The later half of my senior year has been quite the roller coaster -- problems of the heart, problems of the grade, problems of the future. And with it came problems of the mind, almost to the point of apathy.
Additionally: On March 16, 2014 at (around) 5:30PM, I received the worst phone call one could possibly have. My sister had passed away -- but more on that later.
Months have gone by, to which I had dedicated my thoughts to the pessimism that is within, leading me to countless scenarios that I never wanted to dwell on.
But what was originally an act of ignorance turned into yet another personal revelation.
As the ancient cliché goes, the world has never, is not, and will never revolve around me. Or my problems. Or yourself, or the next guy, for that matter.

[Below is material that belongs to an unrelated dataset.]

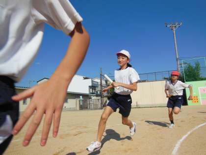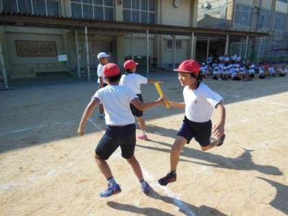 今日は、チームの仲間と初めての顔合わせをしました。走順を話し合って決め,バトン渡しの練習もしました。

We all go through the motions.
The Motions
I have always allowed my world to revolve around other people, my problems, and myself. I enslaved my loyalty to things that I believed would provide me a lifetime supply of happiness, ignoring the uncertainty of life itself. And well, if I couldn't have whatever it was then my future was, ironically, doomed.
I trusted in my own intuitions. I trusted in the intuitions of others.
Consequently, that never worked. I knew it could never work too. I allowed history to repeat itself until it would miraculously fall into place.
Now, imagine me reading a history book and criticizing the stupidity of some people.
Oh, the hypocrisy.
Reality
In a nutshell, happiness does not come from specific sources. It comes from the experiences that all those sources can bring, without imposing the belief that it is the only happiness you are ever going to find.
Like said, I disregarded the uncertainty of this world. I have always feared the term "uncertainty", until the realization that "uncertainty" didn't had to mean negative consequences.
Life goes on. There will be its ups and downs. Both are inevitable, yet both are necessary.
I say to myself, "Maybe I've just become a cynic? A pessimist?" I guess I got used to my old ways.
But that's beyond the point.
So yes,
The world I live in seemed a darker place. Of course, it did -- I had to understand that although it seemed to be, doesn't mean that it was.
Here's to the new doors, Monica(:
P.S. I understand it is agreed that this post is possibly already known and understood by you, dear reader. But I congratulate you for reading to the end of my rant. And for that, you deserve many medals.